### What the task asks
Restate word for word the lines in the listing below, starting at the line containing "A new take on" and ending at the line containing "คณาจารย์ นักศึกษา และบุคลากรที่สร้างชื่อเสียงให้กับสถาบัน", both included; leave out the rest.

### Exercise data
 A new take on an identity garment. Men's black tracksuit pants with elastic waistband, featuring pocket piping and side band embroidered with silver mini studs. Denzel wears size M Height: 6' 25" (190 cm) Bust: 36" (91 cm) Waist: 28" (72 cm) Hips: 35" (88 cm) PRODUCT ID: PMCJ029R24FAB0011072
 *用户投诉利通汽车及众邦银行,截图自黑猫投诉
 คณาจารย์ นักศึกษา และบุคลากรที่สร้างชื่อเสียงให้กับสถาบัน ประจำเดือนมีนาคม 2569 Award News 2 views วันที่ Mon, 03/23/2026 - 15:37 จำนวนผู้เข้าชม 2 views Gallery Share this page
...
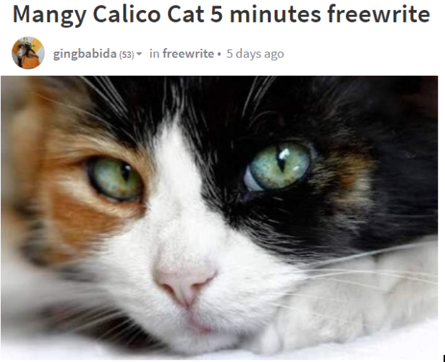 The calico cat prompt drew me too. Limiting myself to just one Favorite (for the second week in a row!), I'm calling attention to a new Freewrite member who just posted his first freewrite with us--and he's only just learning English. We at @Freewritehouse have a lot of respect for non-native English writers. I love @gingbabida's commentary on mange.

### Answer box
 A new take on an identity garment. Men's black tracksuit pants with elastic waistband, featuring pocket piping and side band embroidered with silver mini studs. Denzel wears size M Height: 6' 25" (190 cm) Bust: 36" (91 cm) Waist: 28" (72 cm) Hips: 35" (88 cm) PRODUCT ID: PMCJ029R24FAB0011072
 *用户投诉利通汽车及众邦银行,截图自黑猫投诉
 คณาจารย์ นักศึกษา และบุคลากรที่สร้างชื่อเสียงให้กับสถาบัน ประจำเดือนมีนาคม 2569 Award News 2 views วันที่ Mon, 03/23/2026 - 15:37 จำนวนผู้เข้าชม 2 views Gallery Share this page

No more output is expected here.